Chief Executive Officer and Executives
- Select and remove the Chief Executive Officer (CEO), agree on performance targets, monitor performance and review annually, set remuneration and manage succession plans for the CEO.
- Ratify the appointment and removal of those executives who report directly to the CEO, receive CEO’s review of executives and review their performance and targets and approve their remuneration.
- Ensure that executive management have the necessary skills and experience for the effective operation of the business.
- Monitor executive succession plans.
Corporate Strategy and Performance
- Approve the strategic direction and related objectives for Tyro.
- Consider and approve the group’s annual budget including revenue, profit, capital expenditure and cash flows, as proposed by management, ensuring appropriate resources are available to achieve the business objectives.
- Monitor executive management’s performance in the implementation and achievement of the Group’s business objectives and strategies.
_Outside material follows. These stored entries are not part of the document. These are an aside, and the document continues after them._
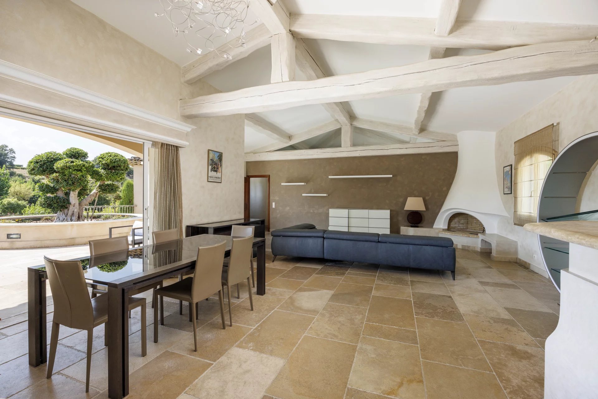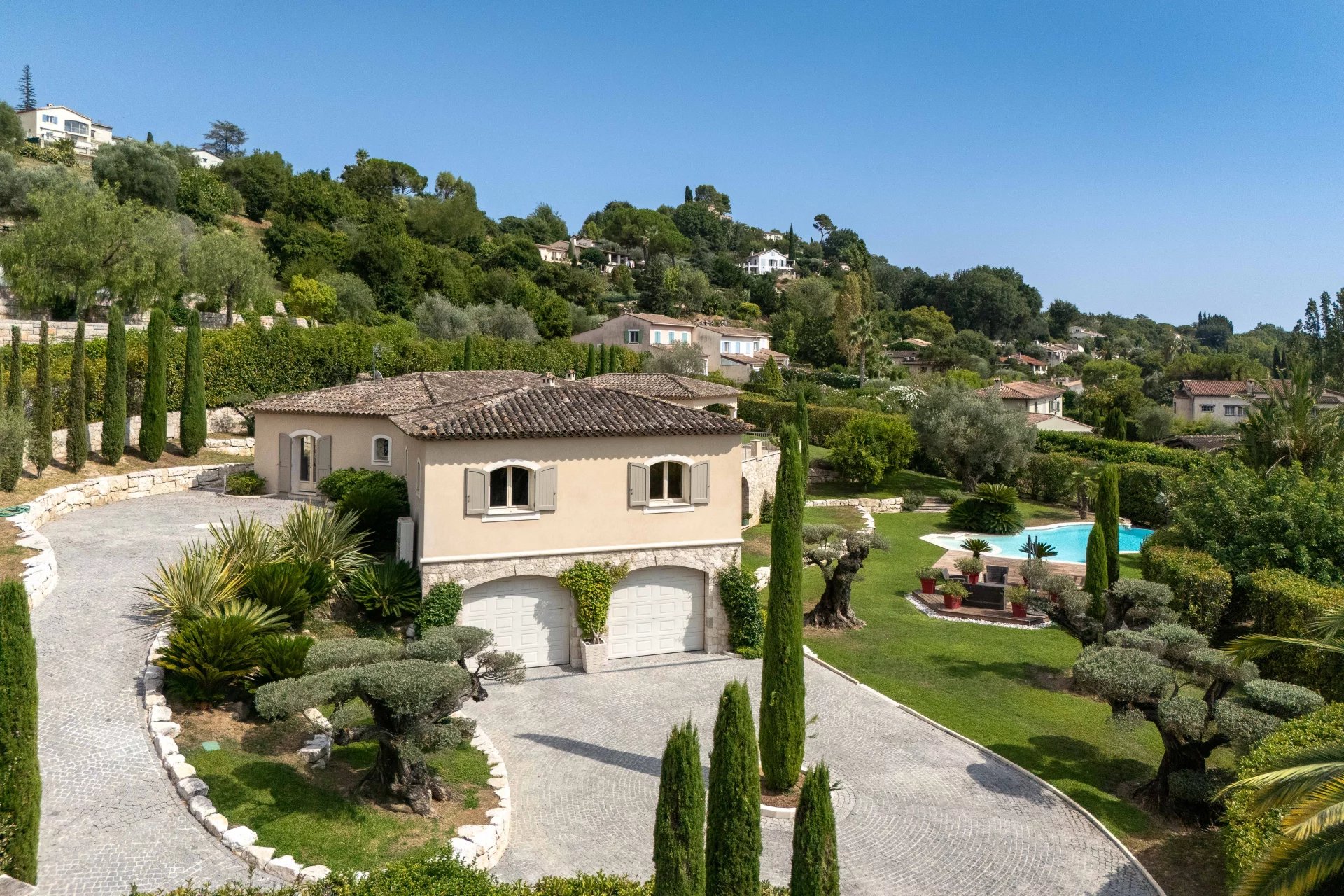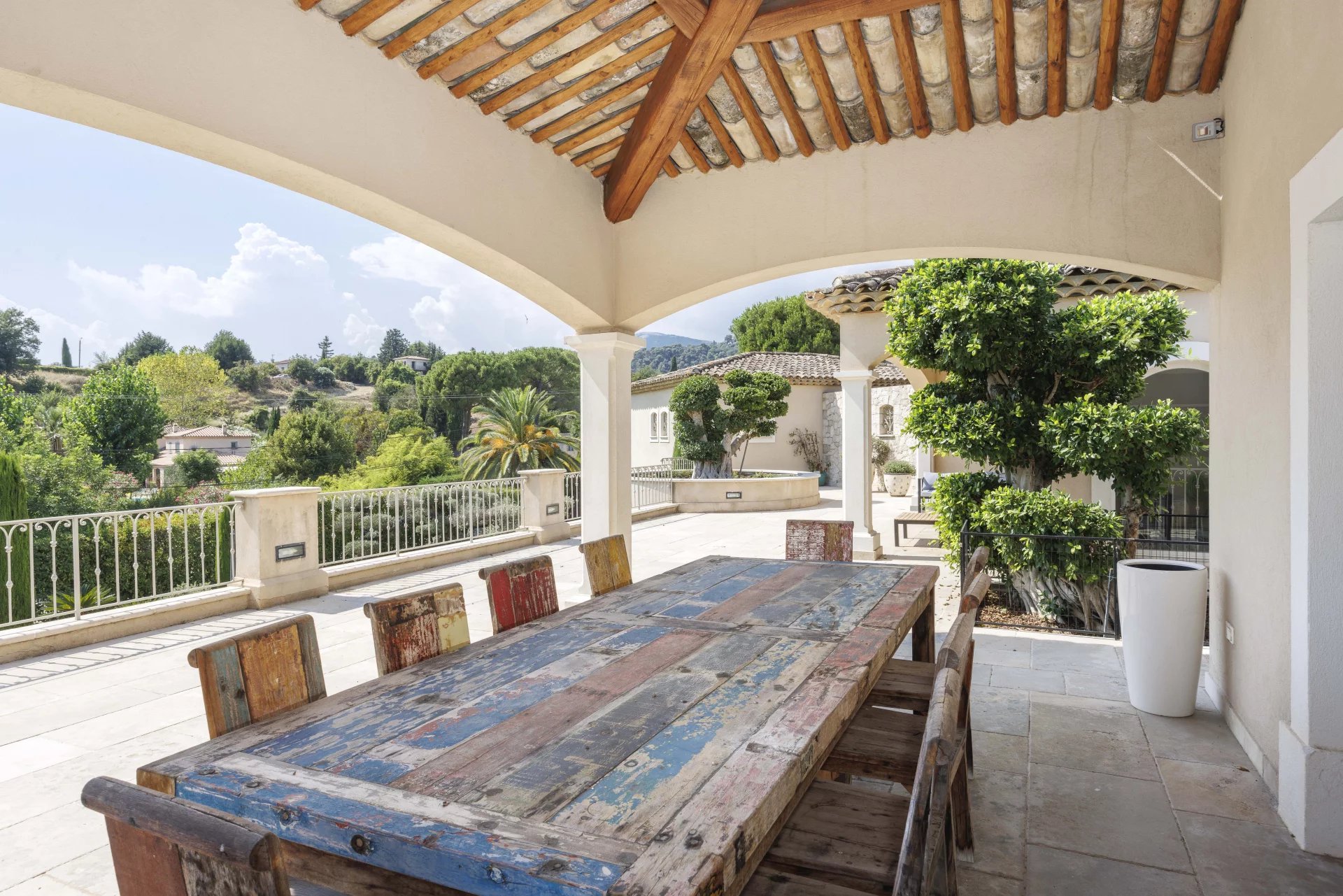 Located just a stone's throw from the village of Saint-Paul de Vence, this opulent property (approx. 285 m² + 7-car garage) benefits from a quiet, residential setting and a 2,600 m² landscaped garden with heated infinity pool.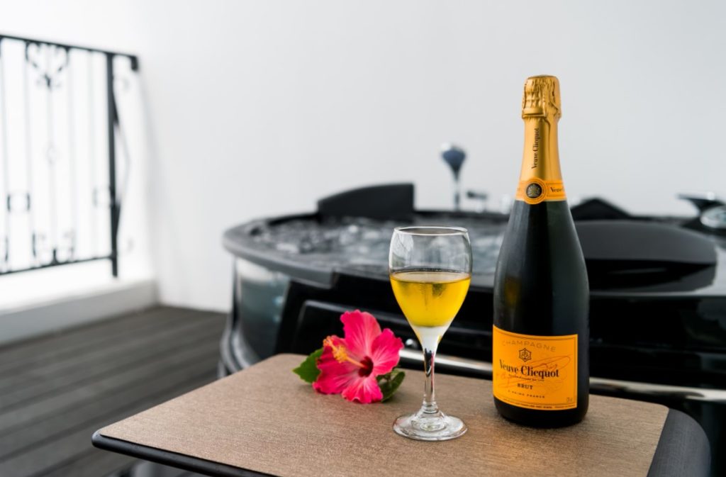 この施設の最大の魅力は、全棟に備えられたジャグジー付きテラス。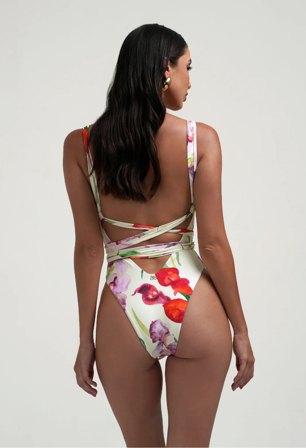 Our one of a kind Dua swimsuit is the statement one piece of the year. This totally unique design has been created with complete versatility in mind. A gathered neckline offers customizable coverage around the bust and wide straps ensure comfort without digging into the skin. Extra long cross over straps can be styled and tied as desired, creating added shape around the waist for the most flattering hourglass silhouette. A high leg and low back gives a nod to the glamorous shapes of the 80’s and 90’s. Dua is completely double lined in our super soft, buttery and recycled fabric to provide extra comfort and a seamless fit. Our Gardenia floral print is inspired by a summer meadow and hand painted with love. Style with our Clovelly long sarong for the perfect pool party day to night look.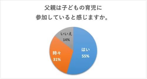 「父親が育児に関わっている」と感じている母親は過半数を超え、「時々関わっている」も含めると85.7%に上った。また、「父親が教育に参加している」と感じている母親は44%で、「時々」も合わせると8割近くに上った。
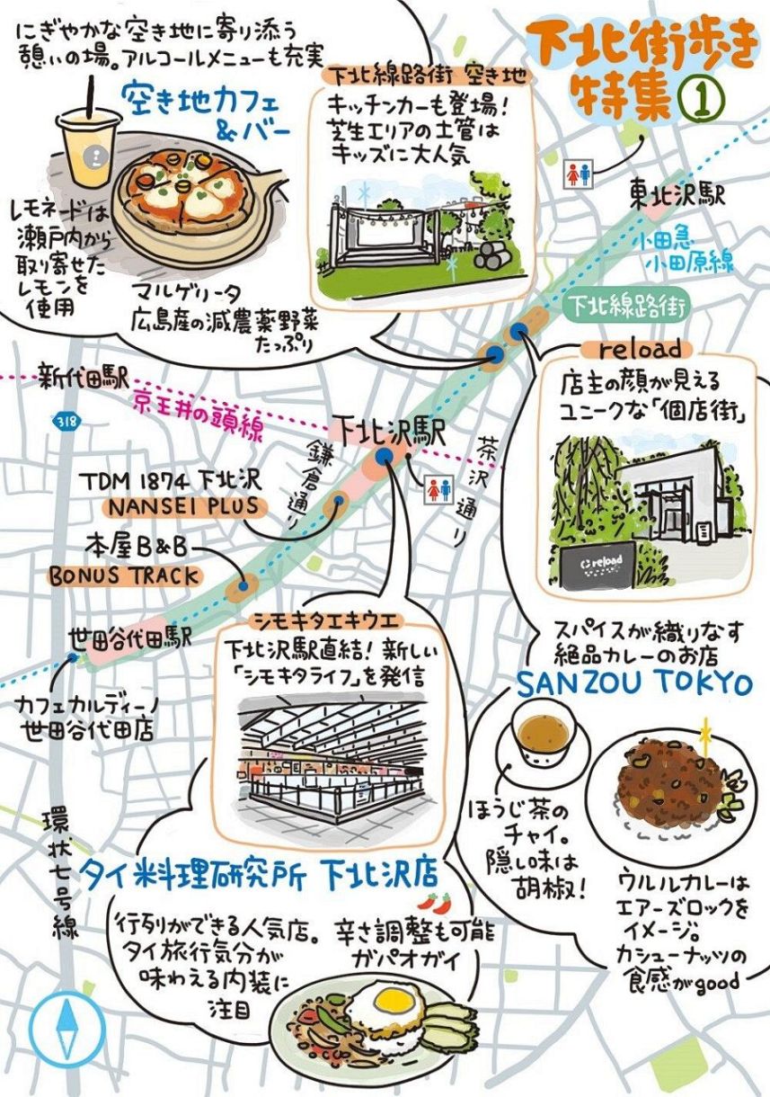2週にかけて下北線路街を特集。今回は東北沢駅から下北沢駅まで歩き、3つの商業施設内の人気スポットに足を運びます。スパイスが織りなす絶品カレーのお店「SANZOU TOKYO」、地域住民が集う憩いの場「空き地カフェ&バー」、本場の味に近いタイ料理を楽しめる「タイ料理研究所 下北沢店」にお邪魔しました。

Acquisitions and Divestitures
Review and, as appropriate, approve management proposals regarding acquisitions or divestitures of businesses and functions, when such acquisition or divestiture would have a material effect on the assets, profit or operations of Tyro.
Review and approve capital management policies and plans having regard for the various liquidity and capital adequacy regulatory requirements applying to Tyro.
Risk Management and Internal Control
- Ensure business risks are identified and approve systems of risk management, regulatory compliance and control and associated group policies to manage those risks.
- Ensure a strong risk management culture is maintained.
- Ensure senior management effectively monitor and manage material risks of Tyro in aconsistent manner with the risk appetite.
- Ensure policies and processes within Tyro that support the business are consistent with the risk appetite and risk management strategy of Tyro.
- Ensure controls are consistent with the risk appetite, risk profile and capital position of Tyro and are regularly communicated to relevant staff and understood by those staff.
- Monitor management’s implementation of, and compliance with, these systems and controls.
- Provide an annual declaration to APRA in relation to risk management and compliance with the requirements of APRA’s risk management standard.
- Approve the appointment of the external auditor.
- Determine and approve dividends to be paid to shareholders.
- Provide the external auditor access to the Board where requested
- Review and approve the Group’s half-yearly and annual financial statements and other published financial information.
- Determine and approve the level of authority to be granted to the CEO in respect of operating and capital expenditures and credit facilities and authorise the further delegation of those authorities to management by the CEO.
- Approve major operating and capital expenditure and credit facilities in excess of the limits delegated to management.
- The various powers, duties and responsibilities of the Board set out herein may be delegated to one or more committees of the Board.
- All Board committees will have a Charter approved by the Board setting out the composition, duties and responsibilities of that committee.
- Minutes of the proceedings of all meetings of Board committees shall be maintained and copies of those minutes will be distributed to all directors at the next meeting of the Board following the Board committee meeting.